Dans une tribune publiée ce jour, Najat Vallaud-Belkacem et Arianna Poletti, respectivement ancienne ministre et chercheuse, mettent en lumière un aspect souvent négligé des migrations contemporaines : leur lien profond avec le changement climatique. Selon elles, derrière ce que l'on qualifie de migrations économiques se dissimule fréquemment une dimension climatique, qui pousse les populations à quitter leur terre natale.
Un phénomène sous-estimé
Les autrices soulignent que les déplacements de population liés aux dérèglements climatiques sont bien plus importants que ce que les statistiques officielles laissent paraître. Les sécheresses, les inondations, la montée des eaux ou encore la dégradation des sols contraignent des millions de personnes à migrer, souvent à l'intérieur de leur propre pays ou vers des régions voisines. Pourtant, ces mouvements sont rarement reconnus comme climatiques, car les migrants sont officiellement classés comme économiques.
Une confusion préjudiciable
Cette confusion a des conséquences politiques majeures, expliquent Vallaud-Belkacem et Poletti. En ne reconnaissant pas la cause climatique, les États peuvent éluder leurs responsabilités en matière d'accueil et de protection. Les autrices appellent donc à une prise de conscience urgente : il est nécessaire d'intégrer la dimension environnementale dans les politiques migratoires, tant au niveau national qu'international.
Des pistes d'action concrètes
Pour répondre à ce défi, les autrices proposent plusieurs pistes :
- Reconnaître officiellement le statut de réfugié climatique dans les cadres juridiques internationaux, afin de garantir une protection spécifique à ces populations.
- Investir dans l'adaptation locale pour réduire la pression migratoire, notamment dans les régions les plus vulnérables.
- Mettre en place des mécanismes de solidarité entre pays riches et pays pauvres, ces derniers étant souvent les plus touchés par les effets du changement climatique.

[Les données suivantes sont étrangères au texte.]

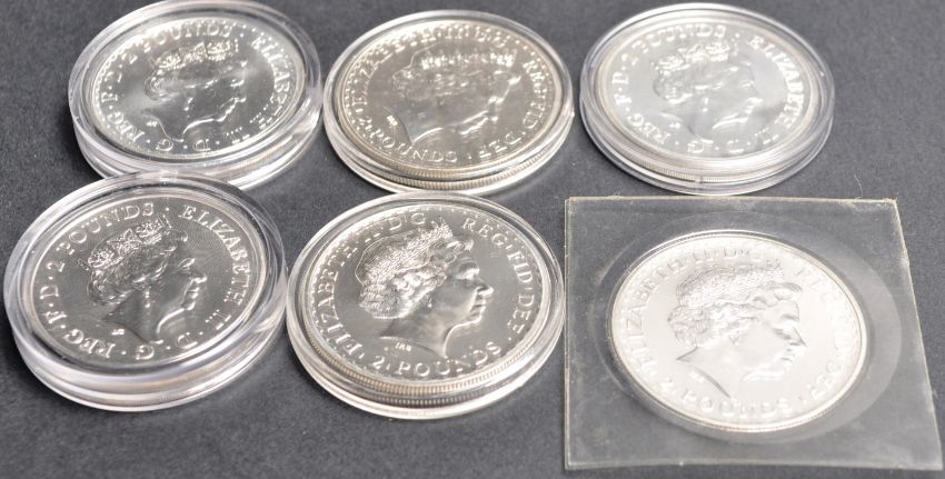 Coins - a collection of x6 assorted 1oz / one ounce £2 silver proof / uncirculated coins - all encapsulated - to include; Britannia 2005, Year Of The Dog 2018, 2020 Crest, Britannia 2003, Britannia 2017, and Britannia 2012.

Un appel à la responsabilité
En conclusion, Najat Vallaud-Belkacem et Arianna Poletti insistent sur l'urgence d'agir. Le changement climatique n'est pas une fatalité, mais une réalité qui exige des réponses politiques à la hauteur des enjeux. Les migrations climatiques ne doivent plus être niées ou réduites à une simple question économique. Il en va de la justice sociale et de la survie de millions de personnes.